Now, if the inequality $\mathscr{L}f\le -c$ holds for nonnegative measurable $f,c$, then why is the process $$M_n^{[f,c]}= f(X_n)+\sum_{i<n}c(X_i)$$ a non-negative supermartingale?
$\mathscr{L}f \le -c$ is equivalent to $c \le -\mathscr{L}f$. We need to show that $$E[f(X_n)+\sum_{i<n} c(X_i)|\mathscr{F}_{n-1}]\le f(X_{n-1})+\sum_{i<n-1}c(X_i).$$
We have $E[f(X_n)+\sum_{i<n} c(X_i)|\mathscr{F}_{n-1}]\le E[f(X_n)-\sum_{i<n} \mathscr{L}f(X_i)|\mathscr{F}_{n-1}]=f(X_{n-1})-\sum_{i<n-1} \mathscr{L}f(X_i).$ But then $c \le -\mathscr{L}f$, so I can't get the RHS bound above. How do we show this?
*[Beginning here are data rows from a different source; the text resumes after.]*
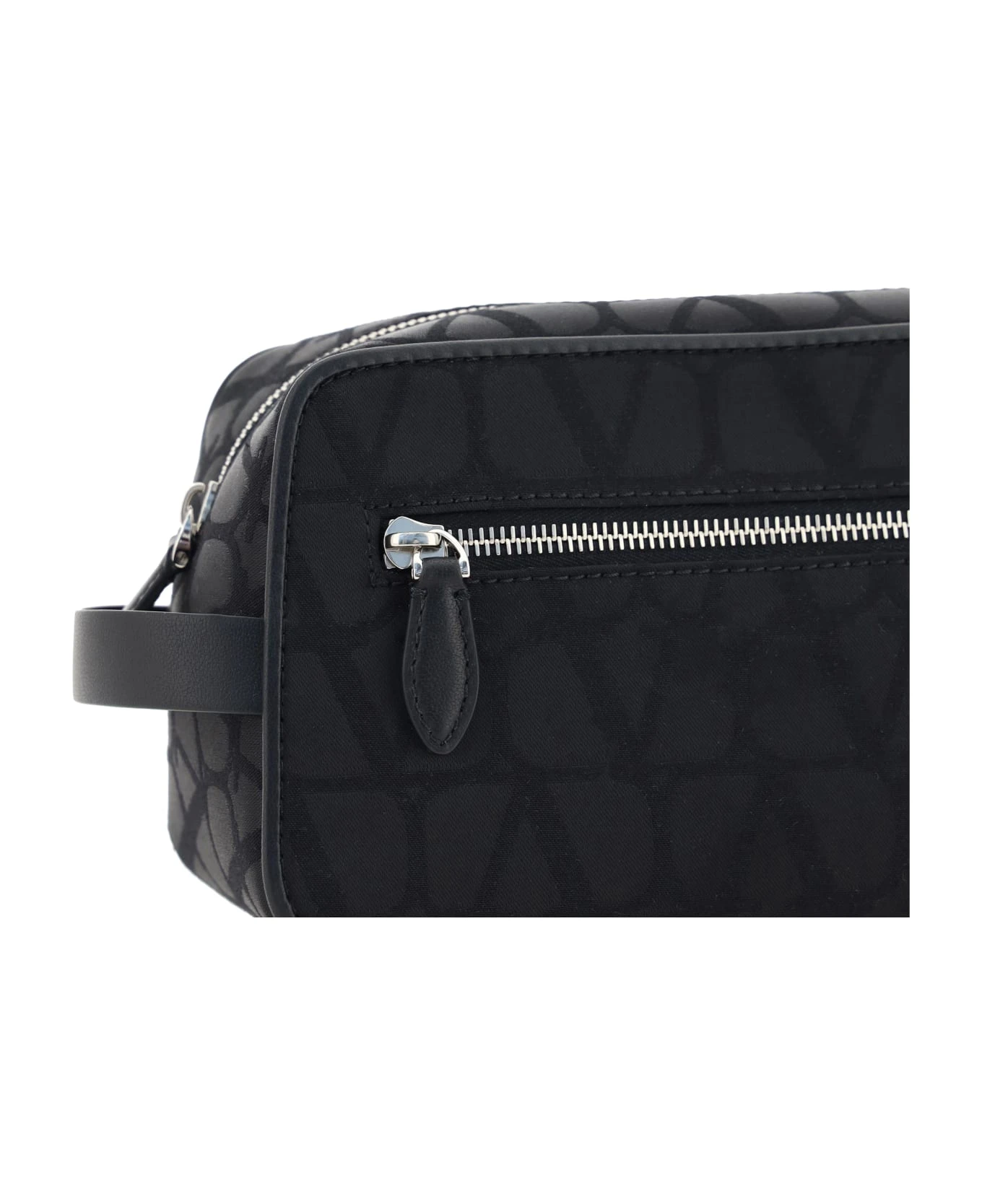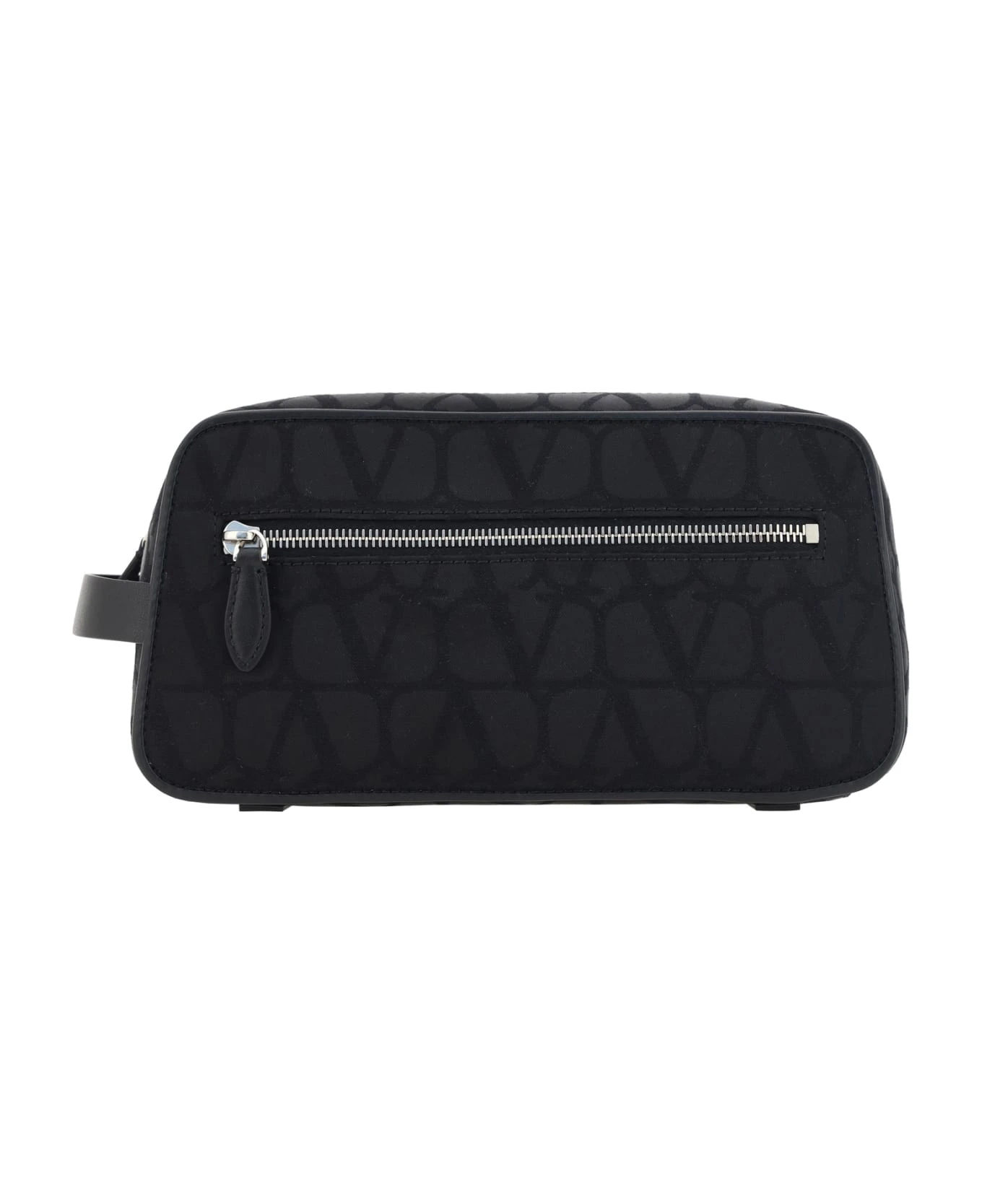 Beauty case by valentino garavani, leather pull on side panel, iconic all-over repeated brand vlogo, top zipper closure, front welt pocket. toile iconographe collection.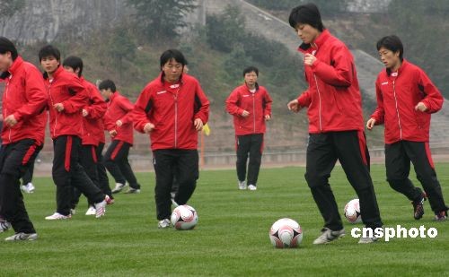 2月16日下午,朝鮮女足在永川備戰(zhàn)四國賽。當(dāng)日,朝鮮女足主教練金光明帶領(lǐng)21名弟子出現(xiàn)在重慶財經(jīng)職業(yè)學(xué)院足球訓(xùn)練場進(jìn)行首場集訓(xùn)。據(jù)了解,奪冠呼聲高的朝鮮女足15日晚7時多抵達(dá)下塌的永川名豪國際酒店,她們是最后一支抵達(dá)永川的球隊。2008東亞女足錦標(biāo)賽決賽將于2月18日在永川體育中心開賽。中新社發(fā) 陳仕川 攝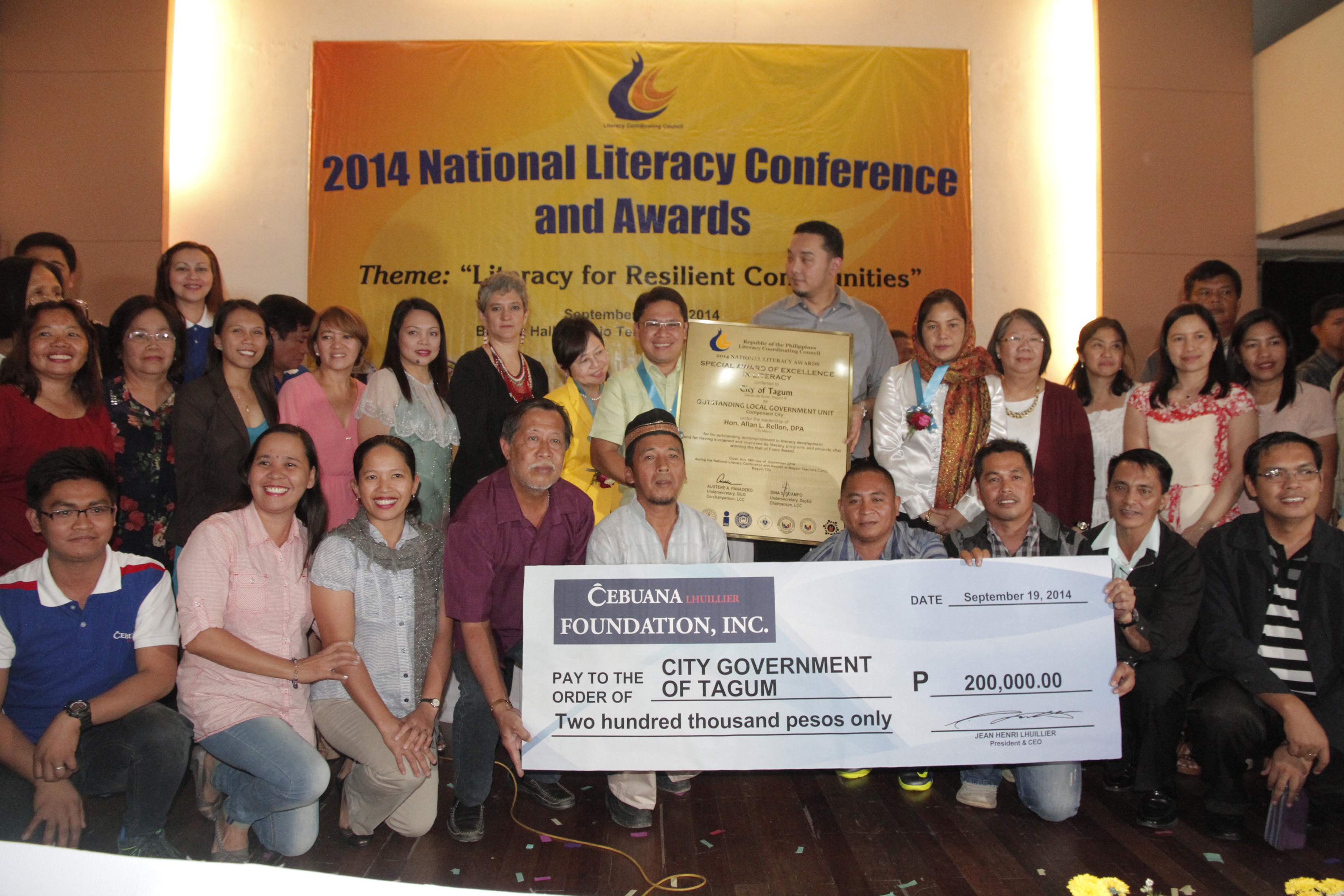 TAGUM CITY—The improvement and sustainability of this city’s literacy programs added a substantial push for the City Government of Tagum to clinch the Special Award of Excellence in Literacy which was formally accorded in a fitting ceremony in Baguio City last September 19, 2014 in time for the 2014 National Literacy Conference and Awards.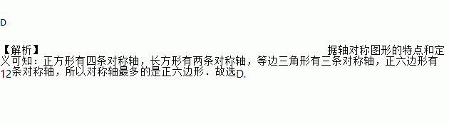 D 【解析】据轴对称图形的特点和定义可知:正方形有四条对称轴,长方形有两条对称轴,等边三角形有三条对称轴,正六边形有12条对称轴,所以对称轴最多的是正六边形.故选D.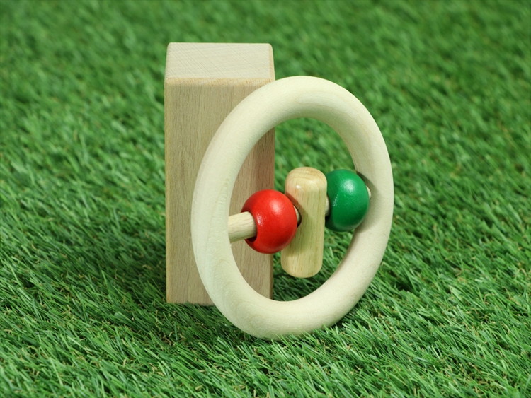 リング部分を握って振ると、中心部の球が動いて木独特のやさしい音を奏でます。赤ちゃんがぐずった時、あやすのに使えるのはもちろん、赤ちゃん自身が握って遊ぶこともできます。
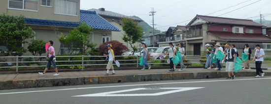 今回は、「障がいがあってもだれかの役に立てる活動もしたい!」という思いから、高浜駅~和田浜バーベキュー場までの約4キロの道のりを落ちているゴミを拾いながら歩きました。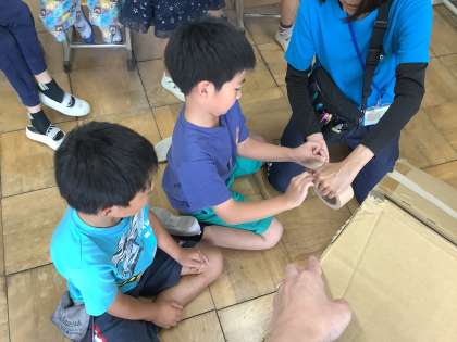 早速キャタピラーを作って順番に遊びました。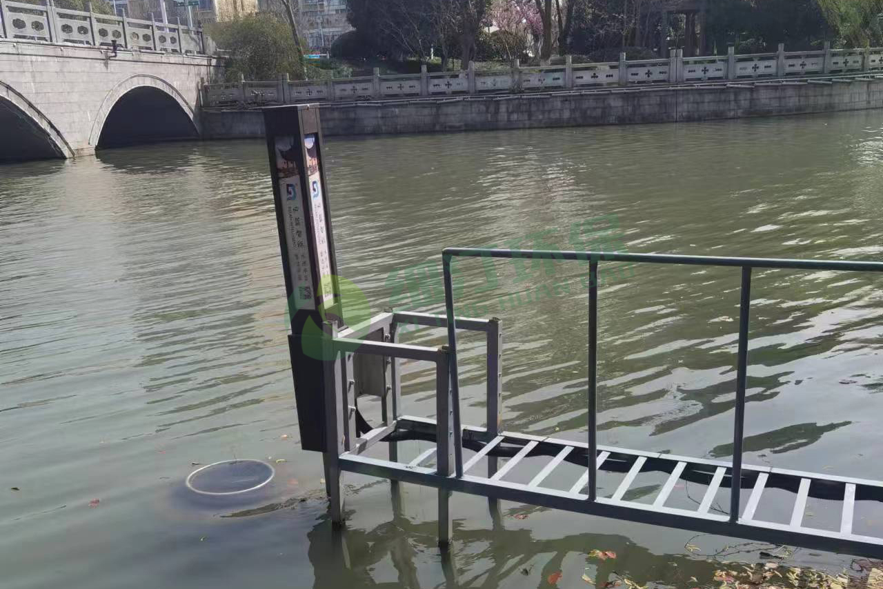 2) 设备升降是否正常:设备正常运行情况下,漂浮式垃圾自动收集器工作水位不得低于 0.5m, 否则会造成设备搁浅无法正常收集垃圾。观察固定杆是否满足最高水位固定设备,否则会造 成设备脱离,或者用绳索二次固定设备于河道边上。防止设备脱逃。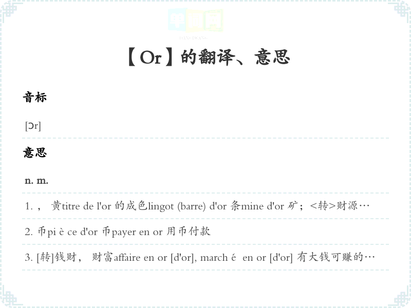 (用在句子的开头, 表示转折或对上半句话加以限制或修正)不过, 然而Or, il arriva ce que précisément il redoutait. 然而,他担心的事情还是发生了。Je ne le voyais plus, or un jour je l'ai rencontré dans la rue. 我没有再去看他,不过有一天我在街上碰到过他。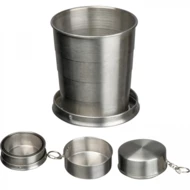 Składany kubek do picia ze stali nierdzewnej o pojemności 250 ml. Można go przechowywać w zintegrowanej metalowej puszce z karabińczykiem, aby zaoszczędzić miejsce.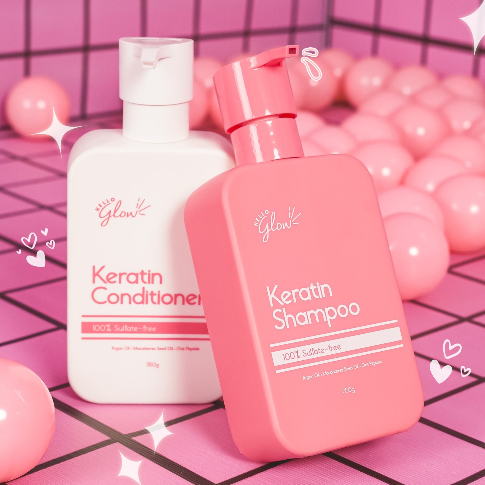 Experience the power of less foam and more care for beautiful, healthy hair with Hello Glow’s sulfate-free Keratin Shampoo and Conditioner—because your hair deserves to shine naturally!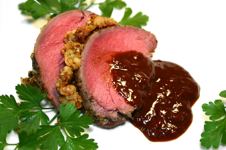 | しっとりとロゼ状に焼き上げた鹿ヒレは、驚くほど柔らかく美味しいです。クルミで包んだ鹿ヒレのロースト・赤ワインソース | |

I would greatly appreciate any help.
I think you can take the following expectation and use the inequality: $$\begin{aligned}E[M_{n}^{[f,c]}-(c(X_1)+c(X_2)+...+c(X_{n-2}))|\mathscr{F}_{n-1}]&=E[f(X_n)|\mathscr{F}_{n-1}]+c(X_{n-1})\leq\\ &\leq E[f(X_n)|\mathscr{F}_{n-1}]-(\mathscr{L}f)(X_{n-1})=\\ &=f(X_{n-1})\\ \end{aligned}$$ $$\implies E[M_{n}^{[f,c]}|\mathscr{F}_{n-1}]\leq f(X_{n-1})+(c(X_1)+...+c(X_{n-2}))=M_{n-1}^{[f,c]}$$